Acting-wise, you shouldn't expect so much from her, as her role is designed to keep fighting emotionlessly most of the time. In some few scenes, though, she is also allowed to show her human side.
Azumis fellowship gets its few minutes on the screen, too, but especially the bad guys enrich the movie enormously. For one thing, there are the crazy Sajiki brothers, or the total freak, Bijomaru, who is dressed all in white, holding a rose and a sword, and consequently has a bit of a female touch. Of course, it's those characters that are almost typical, taking into consideration, that "Azumi" is a manga-adaption, but nonetheless, they deliver a good part of entertainment.

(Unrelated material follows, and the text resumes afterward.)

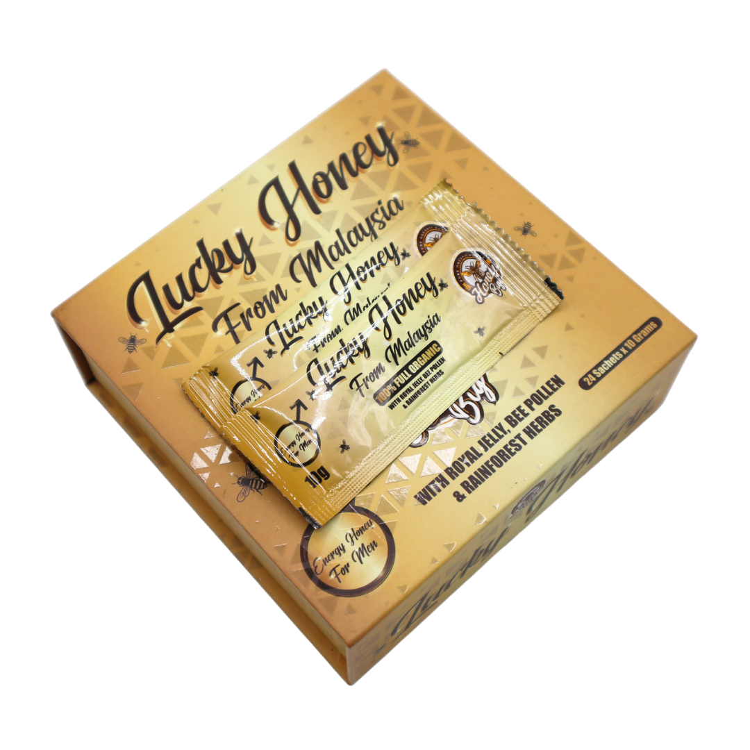 LUCKY HONEY est un stimulant et un fortifiant naturel à base de pollen de palmier dattier, d’un mélange d’herbes de la forêt tropicale malaisienne et de gelée royale.
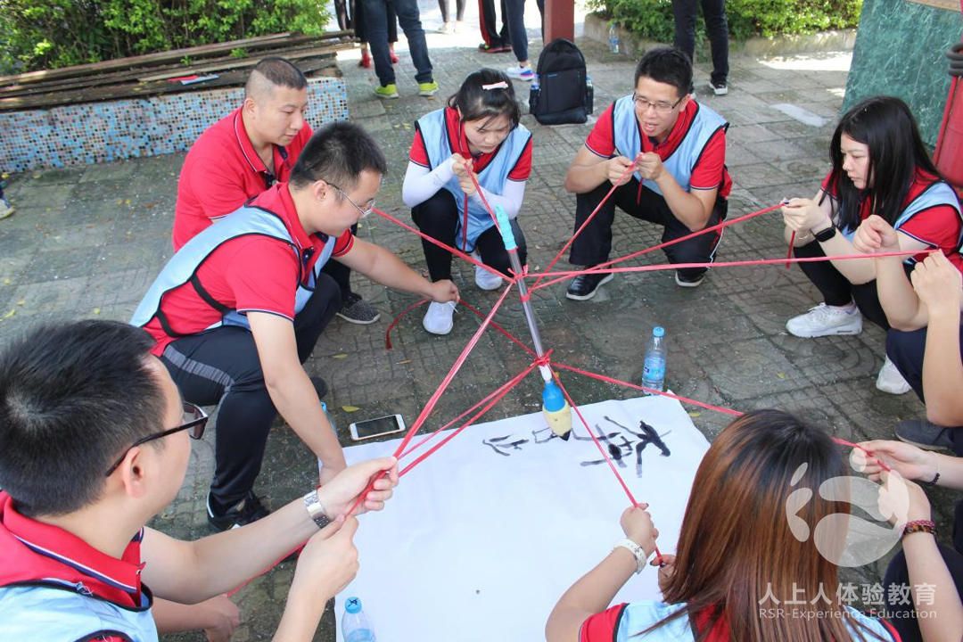 ▼妙筆生花:每個人都是握筆的一員,團隊集中精力,相互配合才能把字寫好。

What honours "Azumi" the most, is its terrific camera-work. Every shot seems brilliantly chosen, and not only the countryside-images are full of beauty. Kitamura just knows how to put moments in a great show, and as opposed to "Versus", he manages it this time, that those moments don't look artificial. One highlight of those brilliant camera-shots and movements, is a scene during the end-fight, in which the camera doesn't move horizontally around the opponents, as is usual, but vertically! Breathtaking!
Some further big commendations deserve the fights, which are, as already mentioned, very numerous. Kitamura makes his leads run through various troops of enemies; perfectly choreographed and stylish. With the usual Samurai-movie rule: One hit, one body. Except for the final-enemy, of course…
If you think, it is unrealistic, when at the end Azumi takes on an entire village, you still haven't understood that the movie doesn't care for realism. Entertainment is the main focus and for that you also need a good body count. This irreproachable technical work, gets its last touch by the very good balanced and always appropriate soundtrack. At some points, quite and traditional, at others accompanying the action scenes with fast guitar sounds.

Ryuhei Kitamura does not reinvent the genre, even if his movie is in some way unique, but he manages to entertain the audience in a way, that no other director could. The only criticism: Maybe sometimes too much action; if this even counts as criticism...
In conclusion, you can only say: "Azumi" is a brilliant, very stylish and breathtaking movie, which no action-movie-fan should miss. Watch it!